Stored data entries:
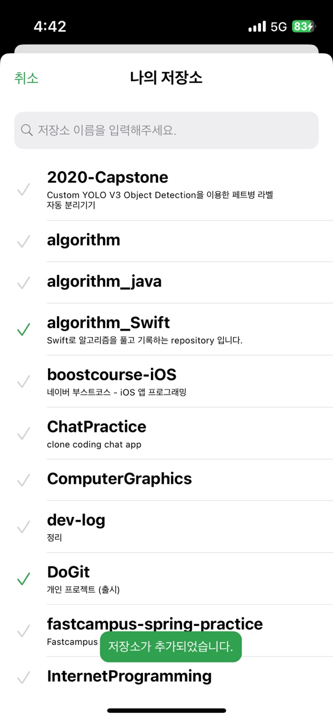 1. 이전에 피드백을 받은 저장소가 추가되었을 때 액션이 부족하다는 피드백을 듣고 추가한 토스트 메세지..
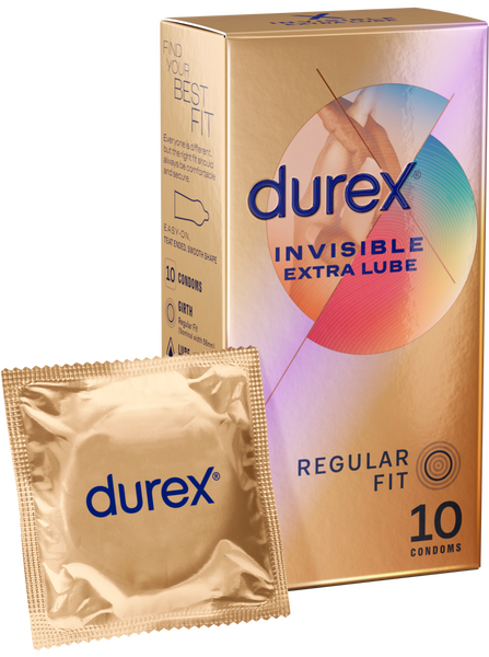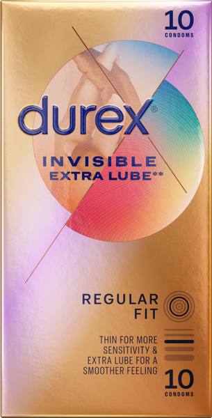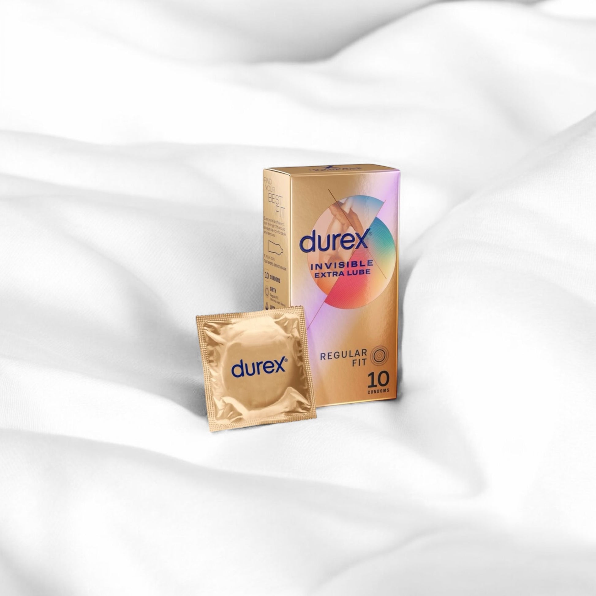 Durex Invisible Extra Lube condoms are thin with extra lubrication for a smoother feeling.
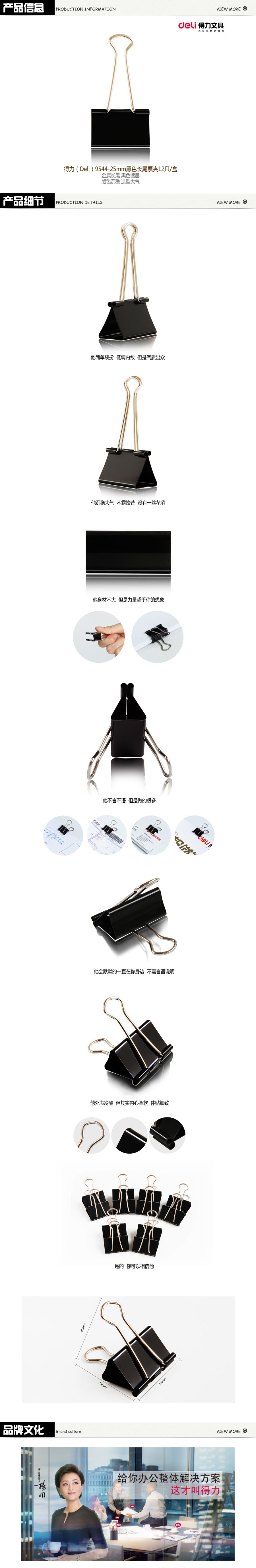 品名:得力(deli) 长尾票夹 9544 25mm 12只装 黑色
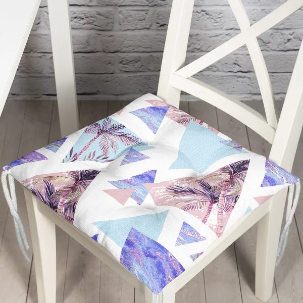 Mavi Geometrik Şekilli Palmiye Motifli Dijital Baskılı Pofuduk Sandalye Minderi
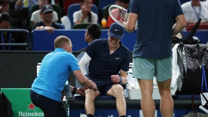 El maestro defensor Jannik Sinner se retiró de Shanghai Masters el domingo después de su lesión en la pierna en el partido de la tercera ronda con Tallon Griekspoor en los Países Bajos.
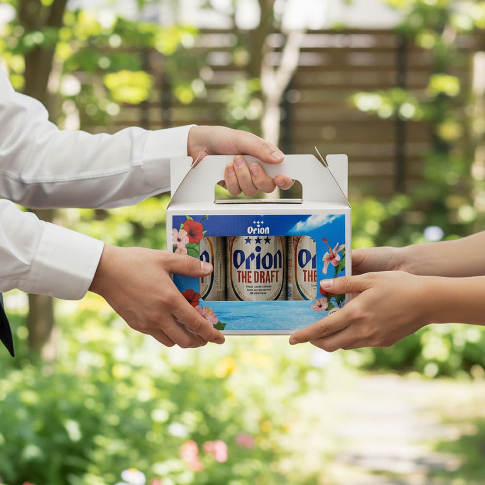 そんな時に大活躍する、オリオンビール公式通販限定のオリジナル手提げ箱(化粧箱)です。 裸のまま缶を手渡すのは気が引けるけれど、仰々しい包装までは必要ない…という、ちょっとした「おすそ分け」のシーンに最適です。

AIM OF THE TASK: This task calls for the lines from the line holding "El maestro defensor" through the last line above, restated word for word with both ends included and the pictures dropped.

EXERCISE OUTPUT:
 El maestro defensor Jannik Sinner se retiró de Shanghai Masters el domingo después de su lesión en la pierna en el partido de la tercera ronda con Tallon Griekspoor en los Países Bajos.
 そんな時に大活躍する、オリオンビール公式通販限定のオリジナル手提げ箱(化粧箱)です。 裸のまま缶を手渡すのは気が引けるけれど、仰々しい包装までは必要ない…という、ちょっとした「おすそ分け」のシーンに最適です。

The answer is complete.